Naar mijn smaak is de problematiek van schrappen uit de doopregisters en het (vervolgens) afscheid nemen van de doopnamen uit de Registers van de Burgerlijke Stand de logische vervolgstap en misschien wel de laatste fase in de emancipatie van de burgers ten opzichte van de kerk. Gelukkig zijn we inmiddels al een hele stap verder. De registratie van oneigenlijke elementen (religie, seksuele geaardheid, ras) in de Registers van de Burgerlijke Stand is afgeschaft. In de toekomst wordt mogelijk zelfs gender (V/M) niet langer genoteerd.

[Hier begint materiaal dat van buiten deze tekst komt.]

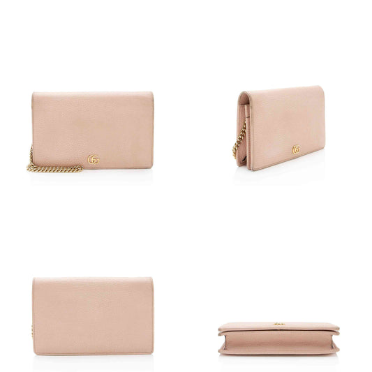 GUCCI Dollar Calfskin Mini GG Marmont Chain Wallet Perfect Pink

In de openingszinnen van dit artikel heb ik het over ‘de knoop in mijn ziel’. Het woord ‘ziel’ moet gelezen worden als de essentie van mijn ‘ik’, mijn wezen.

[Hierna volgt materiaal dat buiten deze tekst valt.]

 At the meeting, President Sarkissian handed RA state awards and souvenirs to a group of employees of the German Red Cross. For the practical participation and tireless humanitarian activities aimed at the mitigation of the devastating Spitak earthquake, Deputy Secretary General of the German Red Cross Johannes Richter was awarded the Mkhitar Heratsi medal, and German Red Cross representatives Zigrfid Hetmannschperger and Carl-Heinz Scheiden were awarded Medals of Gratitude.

Mijn voornaam vormt de primaire verwoording van mijn existentie. Immers, als je aan iemand vraagt: ‘Wie ben je?’ dan antwoordt diegene: ‘Ik ben ….. (voornaam + evt. achternaam)……
Ik wil dus zo snel mogelijk – ook formeel – Ludo heten. Want dat is wezenlijk voor mijn identiteit.
De bovenstaande argumentatie is in mei van dit jaar in een Verzoekschrift aan de Rechtbank voorgelegd. De resulterende beschikking (juli 2016) is voor mij positief.
Nu de termijn van mogelijk hoger beroep zojuist verstreken is, heb ik een nieuw paspoort aangevraagd. Dat voelt goed.